While generative artificial intelligence (AI) is becoming a top technology investment area, many organizations are unprepared to cope with the cybersecurity risks associated with it.
Like with any new technology, it’s paramount that we recognize the new security risks generative AI brings, because it’s without a doubt that adversaries will try to exploit any weakness in pursuit of their objectives. In fact, according to the IBM Institute for Business Value, 96% of executives say adopting generative AI makes a security breach likely in their organization within the next three years.
With AI models ingesting troves of valuable and sensitive data into their training sets—plus business leaders examining how these models can optimize critical operations and outputs—the stakes are incredibly high. Organizations cannot afford to bring unsecured AI into their environments.
In this blog, we introduce the IBM Framework for Securing Generative AI. It can help customers, partners and organizations around the world better understand the likeliest attacks on AI and prioritize the defensive approaches that are most important to secure their generative AI initiatives quickly.
It is crucial that we secure AI at each stage of the AI pipeline—this includes during data collection and handling, model development and training, and model inference and use. As such, organizations need to secure the data, the model and the model’s usage. They must also secure the infrastructure on which the AI models are being built and run.

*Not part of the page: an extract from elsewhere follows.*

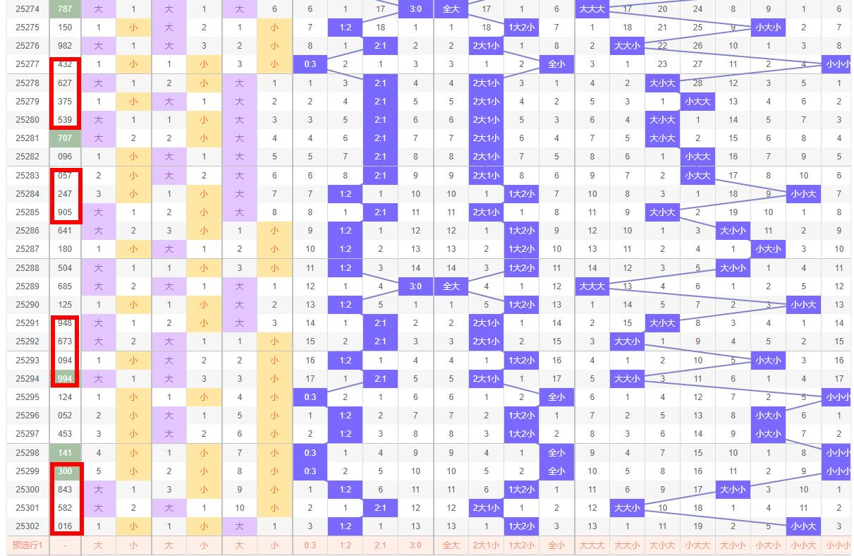 大小走势分析: 在排列3的大小走势中,近期数据显示大小组合分布较为均衡,但细致观察历史数据,发现大小组合呈现出一定的周期性变化。对于第303期预测大小比例可能为1:2或2:1。考虑到近期小号略有增多,建议重点关注大小比例为2:1的组合,即两个大号搭配一个小号。近十期大小比为9:21小数占据优势

Finally, they need to establish AI governance and monitor for fairness, bias and drift over time.
Below we detail the risks in each stage of the AI pipeline and how to protect it against the primary identified attacks.
During the data collection and handling phase, not only do you need to collect mounds and mounds of data to feed an AI model, but you’re also providing access to lots of different people, including data scientists, engineers, developers and others. There is an inherent risk presented in centralizing all that data in one place and granting various stakeholders—most of whom don’t have security experience—access to it.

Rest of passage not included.